Listed entries

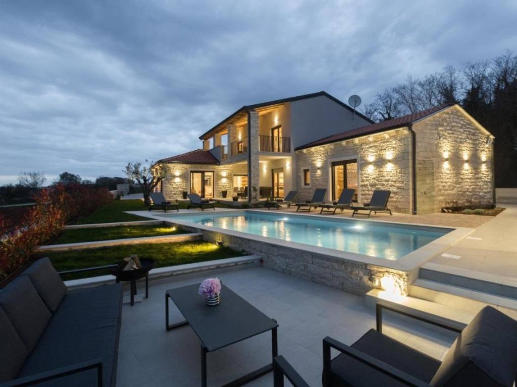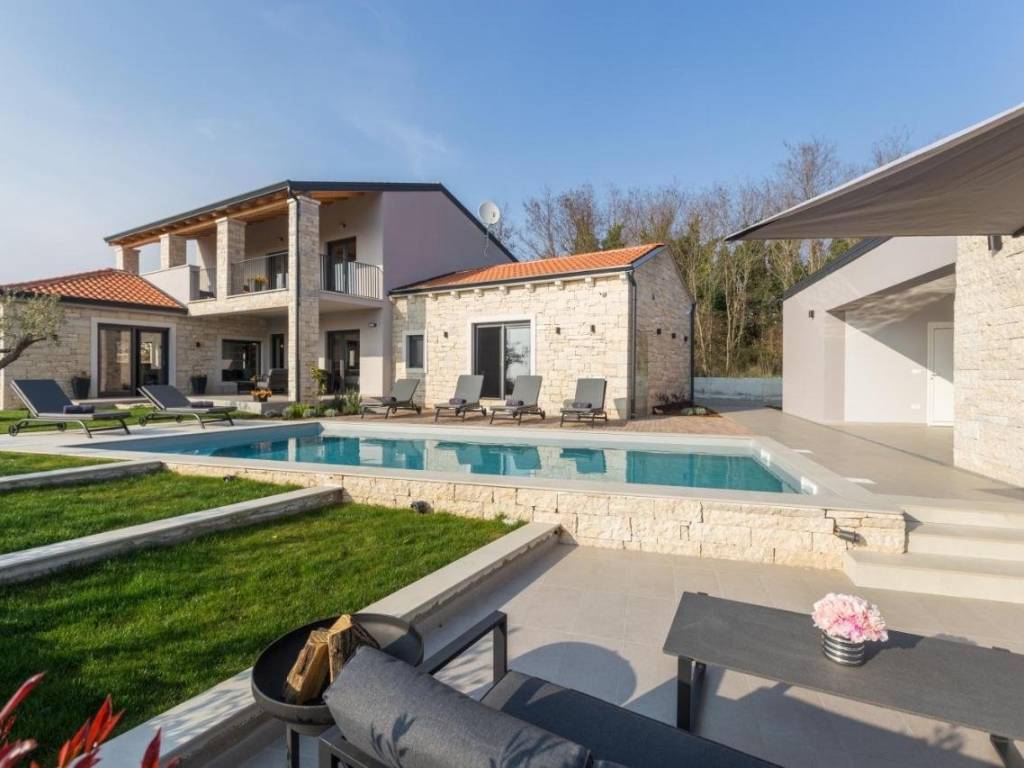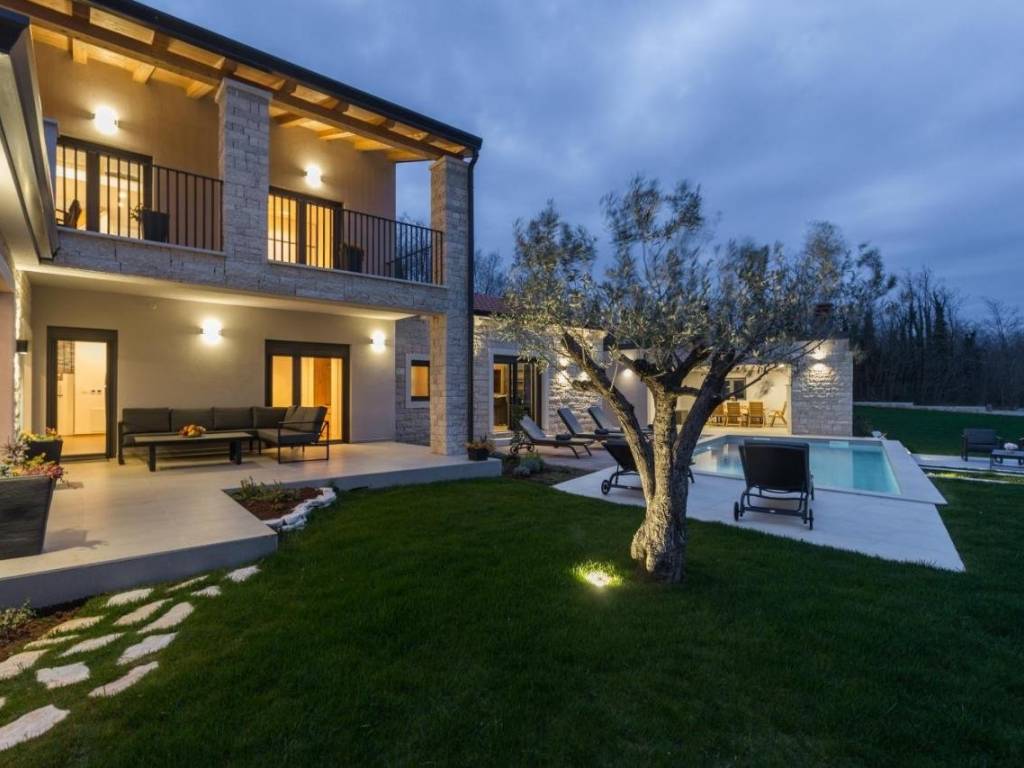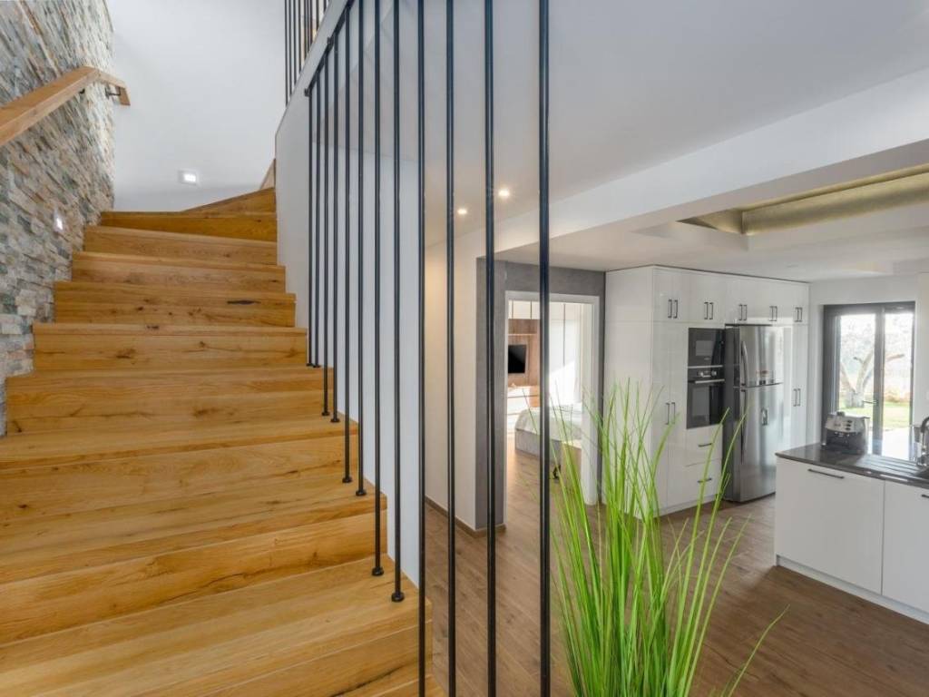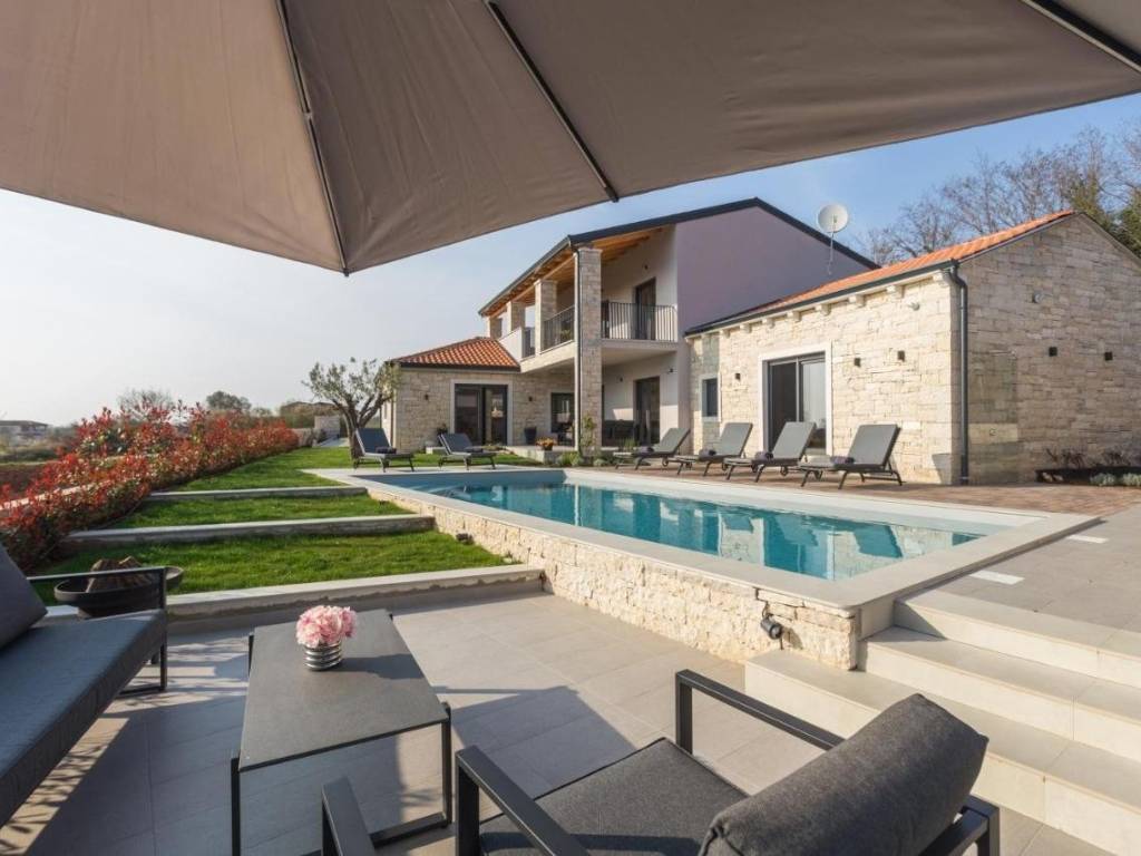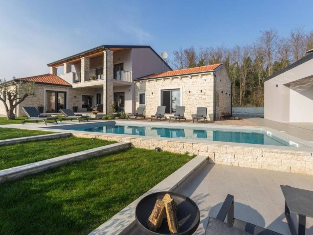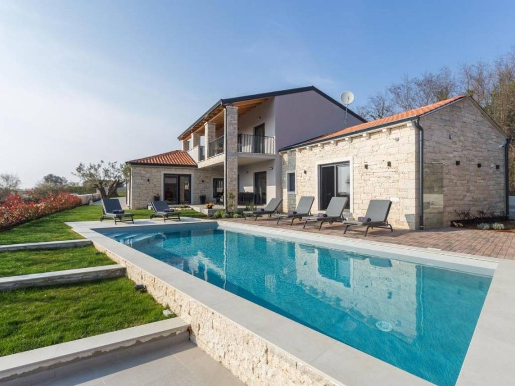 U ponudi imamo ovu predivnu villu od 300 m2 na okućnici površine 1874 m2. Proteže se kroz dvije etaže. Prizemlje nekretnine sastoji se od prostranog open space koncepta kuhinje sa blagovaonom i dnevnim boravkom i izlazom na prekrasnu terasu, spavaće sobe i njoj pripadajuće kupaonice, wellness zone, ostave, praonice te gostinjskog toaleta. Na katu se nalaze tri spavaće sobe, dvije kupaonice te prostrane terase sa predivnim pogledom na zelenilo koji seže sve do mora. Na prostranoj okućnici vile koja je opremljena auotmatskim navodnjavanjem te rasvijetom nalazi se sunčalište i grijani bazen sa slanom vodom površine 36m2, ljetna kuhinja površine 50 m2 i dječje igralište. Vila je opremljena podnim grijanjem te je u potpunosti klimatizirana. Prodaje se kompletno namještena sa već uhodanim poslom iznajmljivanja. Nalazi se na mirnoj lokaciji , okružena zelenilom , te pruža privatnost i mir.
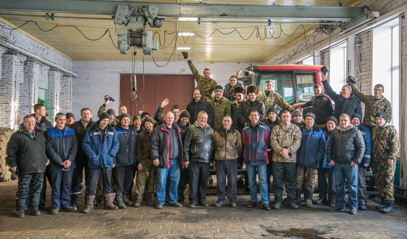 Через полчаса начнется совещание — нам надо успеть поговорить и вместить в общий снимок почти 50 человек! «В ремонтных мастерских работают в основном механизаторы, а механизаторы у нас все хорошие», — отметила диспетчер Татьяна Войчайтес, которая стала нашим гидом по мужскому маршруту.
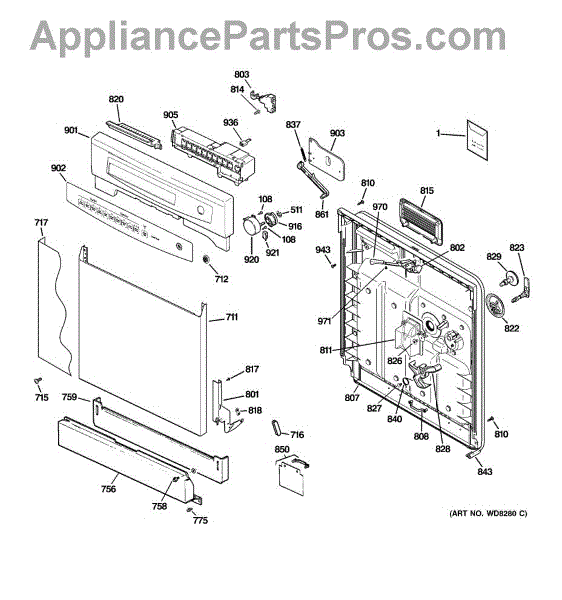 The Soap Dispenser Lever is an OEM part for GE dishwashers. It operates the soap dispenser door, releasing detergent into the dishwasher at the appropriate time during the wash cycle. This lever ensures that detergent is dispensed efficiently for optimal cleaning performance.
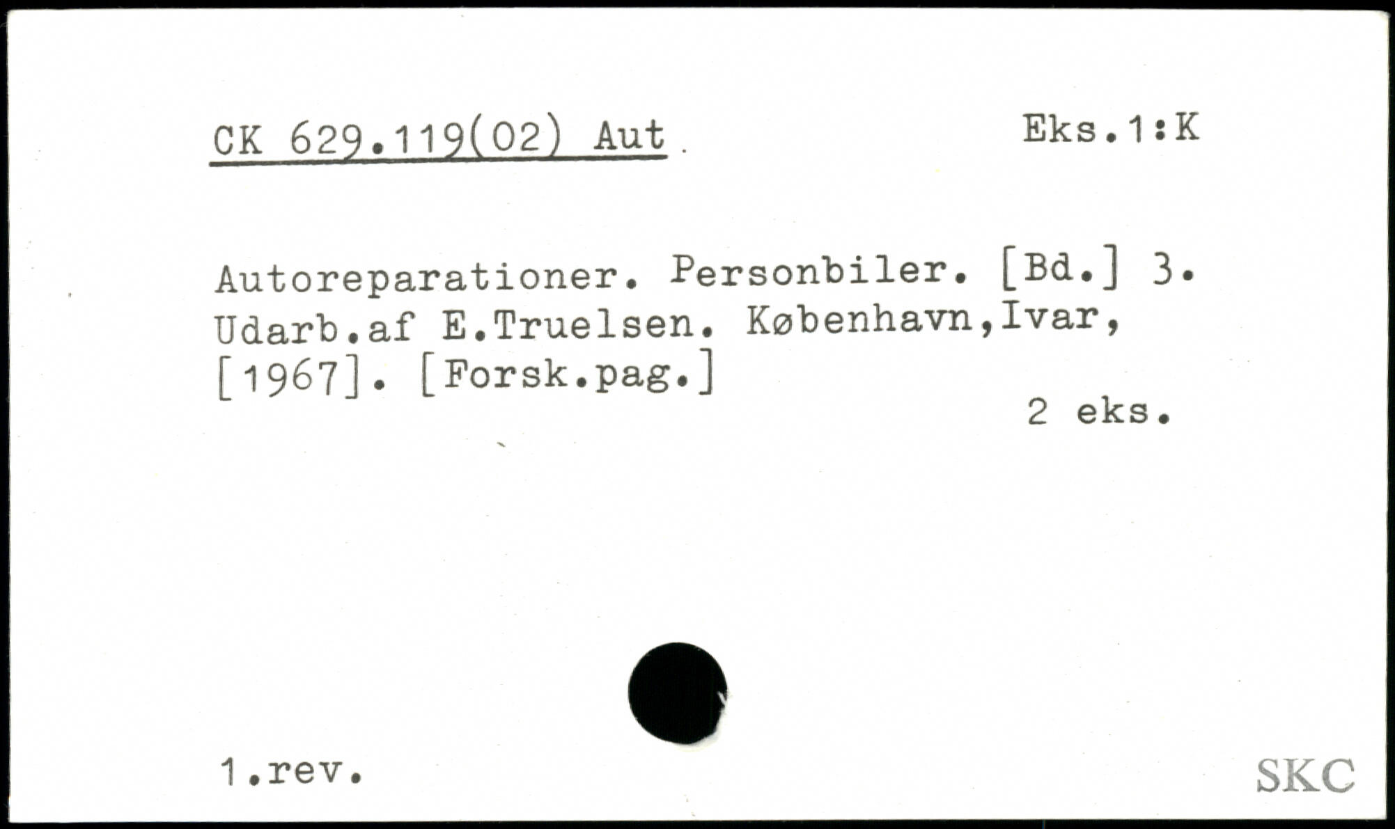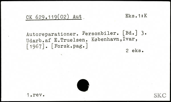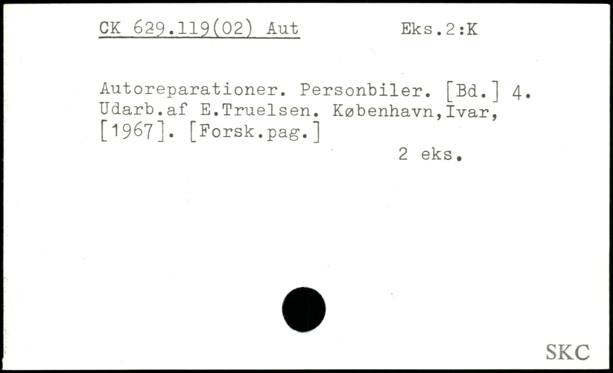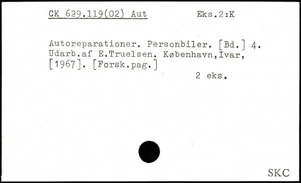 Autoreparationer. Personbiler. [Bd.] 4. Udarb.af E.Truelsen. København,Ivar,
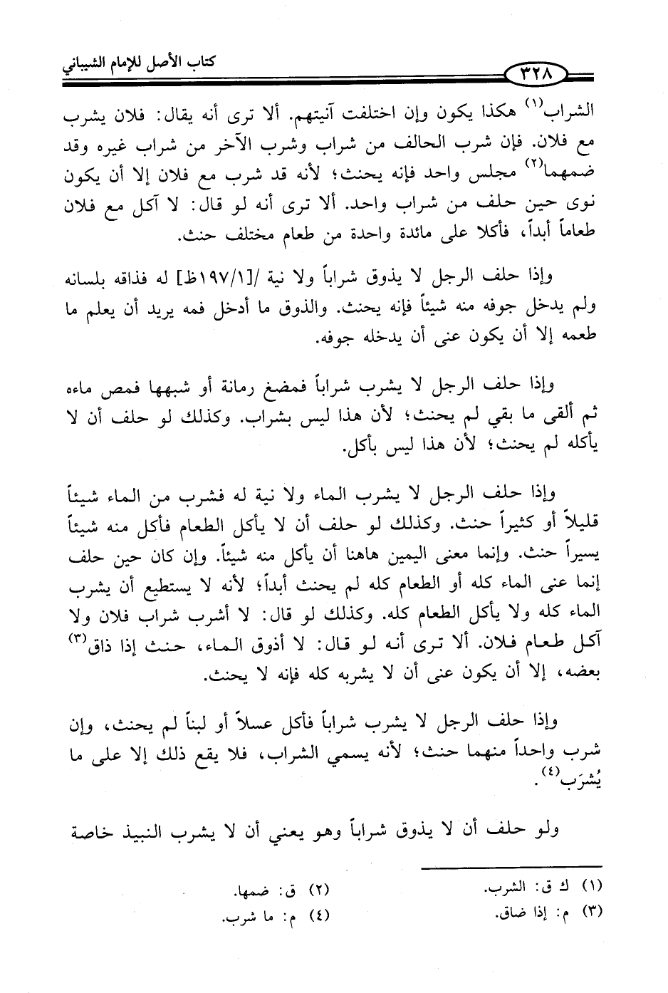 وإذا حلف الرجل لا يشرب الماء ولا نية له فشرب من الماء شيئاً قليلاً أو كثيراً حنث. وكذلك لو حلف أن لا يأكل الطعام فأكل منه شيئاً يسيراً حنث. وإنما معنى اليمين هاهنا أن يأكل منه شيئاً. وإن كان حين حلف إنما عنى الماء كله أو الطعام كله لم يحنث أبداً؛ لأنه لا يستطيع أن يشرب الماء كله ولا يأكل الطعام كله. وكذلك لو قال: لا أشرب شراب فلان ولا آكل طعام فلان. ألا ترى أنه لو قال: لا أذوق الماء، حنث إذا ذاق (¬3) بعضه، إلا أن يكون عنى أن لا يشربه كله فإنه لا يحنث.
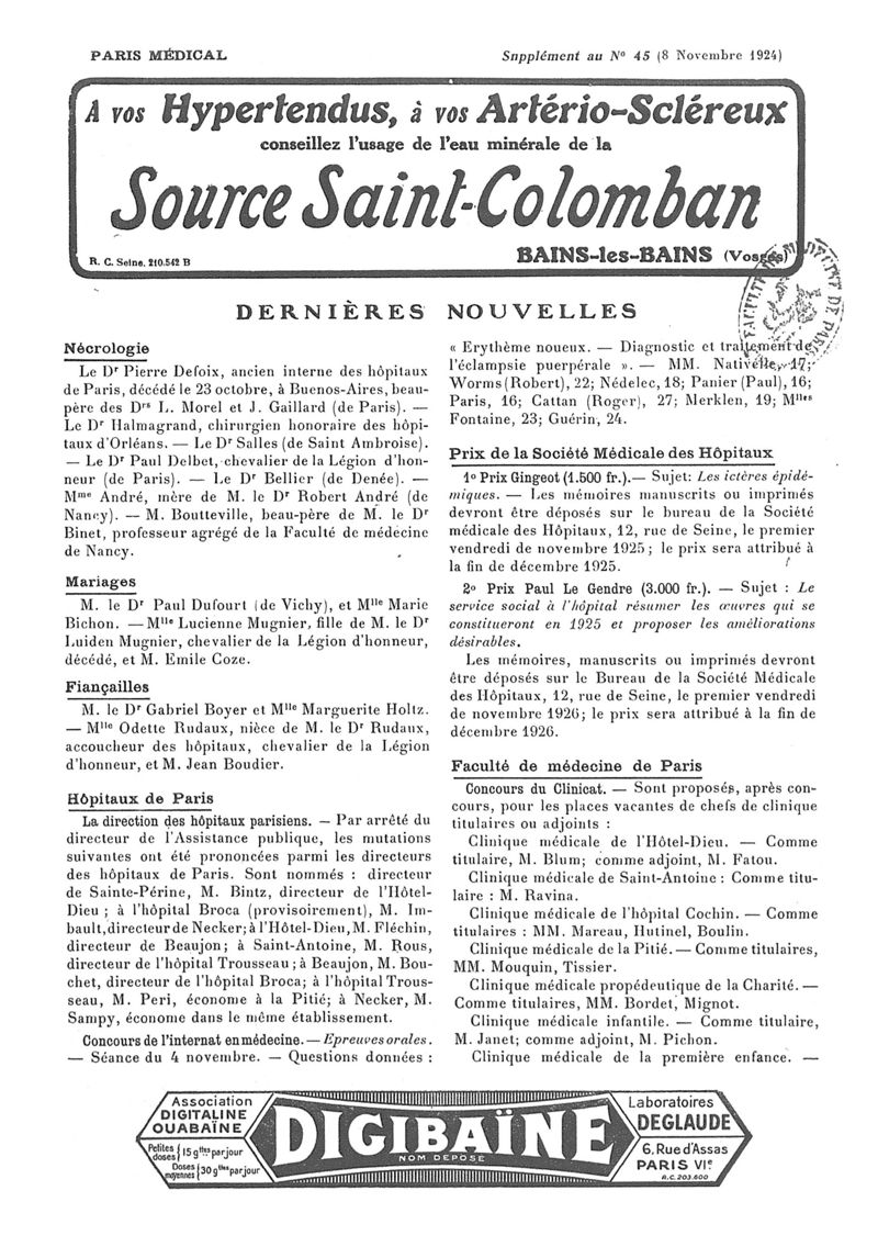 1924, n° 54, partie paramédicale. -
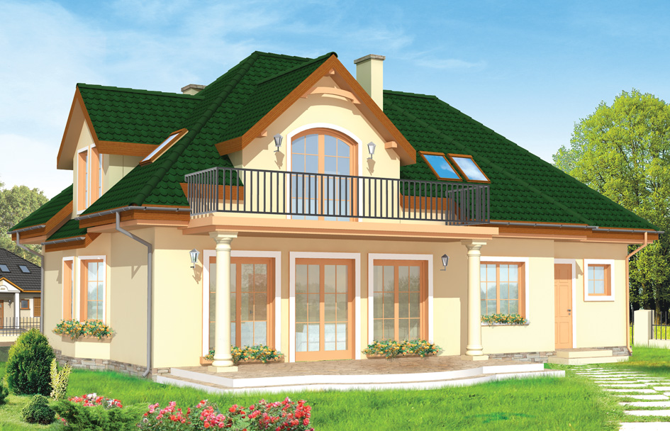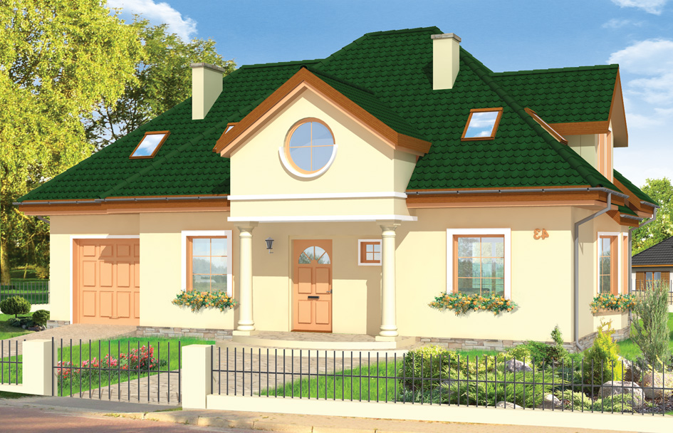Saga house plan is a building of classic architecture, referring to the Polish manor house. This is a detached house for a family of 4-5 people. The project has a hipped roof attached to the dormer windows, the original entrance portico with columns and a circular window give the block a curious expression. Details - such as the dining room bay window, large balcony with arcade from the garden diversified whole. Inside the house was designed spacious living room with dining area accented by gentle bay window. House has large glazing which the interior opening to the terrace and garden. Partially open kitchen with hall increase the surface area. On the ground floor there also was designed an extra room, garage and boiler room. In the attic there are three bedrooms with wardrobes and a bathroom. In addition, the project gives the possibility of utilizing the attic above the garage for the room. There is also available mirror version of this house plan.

What you will do
Output a verbatim copy of all entries above; no pictures go in it.

Written solution
 U ponudi imamo ovu predivnu villu od 300 m2 na okućnici površine 1874 m2. Proteže se kroz dvije etaže. Prizemlje nekretnine sastoji se od prostranog open space koncepta kuhinje sa blagovaonom i dnevnim boravkom i izlazom na prekrasnu terasu, spavaće sobe i njoj pripadajuće kupaonice, wellness zone, ostave, praonice te gostinjskog toaleta. Na katu se nalaze tri spavaće sobe, dvije kupaonice te prostrane terase sa predivnim pogledom na zelenilo koji seže sve do mora. Na prostranoj okućnici vile koja je opremljena auotmatskim navodnjavanjem te rasvijetom nalazi se sunčalište i grijani bazen sa slanom vodom površine 36m2, ljetna kuhinja površine 50 m2 i dječje igralište. Vila je opremljena podnim grijanjem te je u potpunosti klimatizirana. Prodaje se kompletno namještena sa već uhodanim poslom iznajmljivanja. Nalazi se na mirnoj lokaciji , okružena zelenilom , te pruža privatnost i mir.
 Через полчаса начнется совещание — нам надо успеть поговорить и вместить в общий снимок почти 50 человек! «В ремонтных мастерских работают в основном механизаторы, а механизаторы у нас все хорошие», — отметила диспетчер Татьяна Войчайтес, которая стала нашим гидом по мужскому маршруту.
 The Soap Dispenser Lever is an OEM part for GE dishwashers. It operates the soap dispenser door, releasing detergent into the dishwasher at the appropriate time during the wash cycle. This lever ensures that detergent is dispensed efficiently for optimal cleaning performance.
 Autoreparationer. Personbiler. [Bd.] 4. Udarb.af E.Truelsen. København,Ivar,
 وإذا حلف الرجل لا يشرب الماء ولا نية له فشرب من الماء شيئاً قليلاً أو كثيراً حنث. وكذلك لو حلف أن لا يأكل الطعام فأكل منه شيئاً يسيراً حنث. وإنما معنى اليمين هاهنا أن يأكل منه شيئاً. وإن كان حين حلف إنما عنى الماء كله أو الطعام كله لم يحنث أبداً؛ لأنه لا يستطيع أن يشرب الماء كله ولا يأكل الطعام كله. وكذلك لو قال: لا أشرب شراب فلان ولا آكل طعام فلان. ألا ترى أنه لو قال: لا أذوق الماء، حنث إذا ذاق (¬3) بعضه، إلا أن يكون عنى أن لا يشربه كله فإنه لا يحنث.
 1924, n° 54, partie paramédicale. -
Saga house plan is a building of classic architecture, referring to the Polish manor house. This is a detached house for a family of 4-5 people. The project has a hipped roof attached to the dormer windows, the original entrance portico with columns and a circular window give the block a curious expression. Details - such as the dining room bay window, large balcony with arcade from the garden diversified whole. Inside the house was designed spacious living room with dining area accented by gentle bay window. House has large glazing which the interior opening to the terrace and garden. Partially open kitchen with hall increase the surface area. On the ground floor there also was designed an extra room, garage and boiler room. In the attic there are three bedrooms with wardrobes and a bathroom. In addition, the project gives the possibility of utilizing the attic above the garage for the room. There is also available mirror version of this house plan.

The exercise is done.